This research aims to apply an Internet of Things (IoT) technology to create an instrument which can be used to measure and display electric energy consumption, called Smart meter. As well as, to assess a technology and economic impact of solar cell installation system from designed system which was a smart meter that can measure and record electric energy consumption. For user who wants to reduce energy costs, smart meter can evaluate a payback period of solar cell installation system which detect electric energy consumption by non-contact sensor then connect the Wi-Fi and 3G network to display the consumption results on web browser and Line notify at a specified time. The display as real-time graph consists of current, voltage, frequency, power, and the results of electric energy consumption. The system was settled in six residences (Scenario I to VI) as case studies. The peak load of Scenario I to VI shown as 71.72, 51.42, 60.94, 49.01, 37.07, and 33.35 kWh/day respectively. The results from designed smart meter were derived to calculate installed power generation capacity of solar cell which appropriate for six scenarios. The maximum power of scenario I to VI are indicated as 13 kW, 9 kW, 11 kW, 7 kW, and 6 kW respectively. The economic impact assessment which represented by payback period are shown as 11.02, 10.83, 11.58, 12.84, 16.52, and 14.04 years, respectively. Consequently, the study is beneficial for user to decide the installation of solar call by payback period consideration.

Introduction

Solar cell installation for power generation is still lack of an equipment to measure electric energy consumption. An electrical load has an effect on maximum power capacity calculation which required to meet daily energy consumption. Photovoltaic power generation installation systems are critical because it takes the electrical load of each household into account. Providing installed power exceeds demand, it has an effect on the system's investment cost. Thus, installing electrical parameter measuring tools to precisely record electricity consumption at various intervals will help in the computation and design of the solar power generation system for domestic use. When combined with the usage of an IoT system to store and transmit real-time data for information to entrepreneurs presenting solar power generating systems to customers, this enables entrepreneurs to be more transparent and connect more effectively with customers.

The smart meter is a new type of electric energy meter that was intended to replace conventional energy meters (turntable type) by reading the energy consumed by electronic circuits and transferring data in an electronic format. By connecting digitally to the control system, the smart meter can communicate directly with the control system as frequently as necessary. Power consumers will be able to read or calculate their energy consumption at any time. Communication channels can be picked from a variety of formats, including those that utilize a mobile phone network or those that utilize Radio Frequency (RF) communication. The authors selected to communicate over the Internet system via Wi-Fi and 3G networks for ease and a simple approach that works well today; users may read information from anywhere they have an Internet connection.

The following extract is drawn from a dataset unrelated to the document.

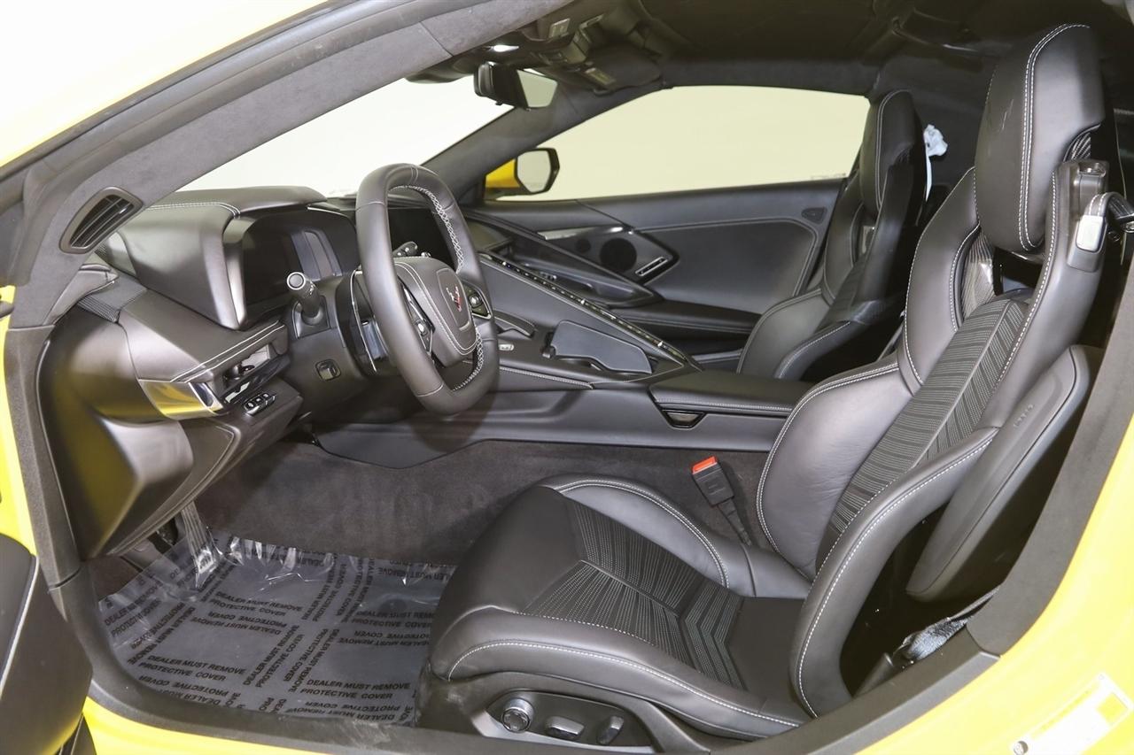 Navigation, Back Up Camera, Bluetooth, Sun/Moon Roof, Touch Screen, Heated Front Seats, Heated Steering Wheel, Ventilated Front Seats, Blind Spot, Apple CarPlay/Android Auto, Corvette Stingray 3LT, 2D Coupe, 6.2L V8, 8-Speed Dual Clutch, RWD, Competition Yellow Tintcoat Metallic, Jet Black Leather, 2 Cargo Nets, Bose Performance Series Sound System w/14 Speakers, Custom Leather Wrapped Interior Package, Driver Power Bolster Seat Adjuster, Electrical Theft Deterrent System, HD Front & Rear Vision Cameras, Head-Up Display, Heated & Vented Driver & Passenger Seats, Heated Steering Wheel, Memory Driver & Passenger Convenience Package, Navigation System, Passenger Power Bolster Seat Adjuster, Performance Data & Video Recorder, Power Driver Lumbar Control Seat Adjuster, Power Passenger Lumbar Control Seat Adjuster, Power-Adjustable Outside Heated Mirrors, Preferred Equipment Group 3LT, Rear Cross Traffic Alert, Side Blind Zone Alert, Sueded Microfiber-Wrapped Upper Interior Trim Pkg, Universal Home Remote, Vehicle Inclination Theft Deterrent Sensor, Vehicle Interior Movement Theft Deterrent Sensor, Wireless Charging for Devices.

The purpose of this study is to determine the feasibility of using appropriate technology to measure and display electricity consumption data by utilizing an Internet of Things (IoT) system. As well as, to assist in reporting data via the internet and sending the value via the line notify application) by developing a system to detect electricity consumption without contact (Non-contact sensor) and to connect the display and a power supply (HEMs).

Methodology

Design of the structural framework and connectivity system

All the system connectivity ranges from sensors, processors, internet connectivity, and line notify API connectivity, and web-based display designs by using a non-connected current metering module (non- invasive current sensor) and uses Esp 8266 as the main processor. This gadget includes a Wi-Fi module, which makes it simple to connect to the internet and to the server. By selecting efficient equipment, the system's circuit is kept basic and easy. As illustrated in Figure 1, this is a schematic representation of the system. The system's circuit diagram, as shown in Figure 2.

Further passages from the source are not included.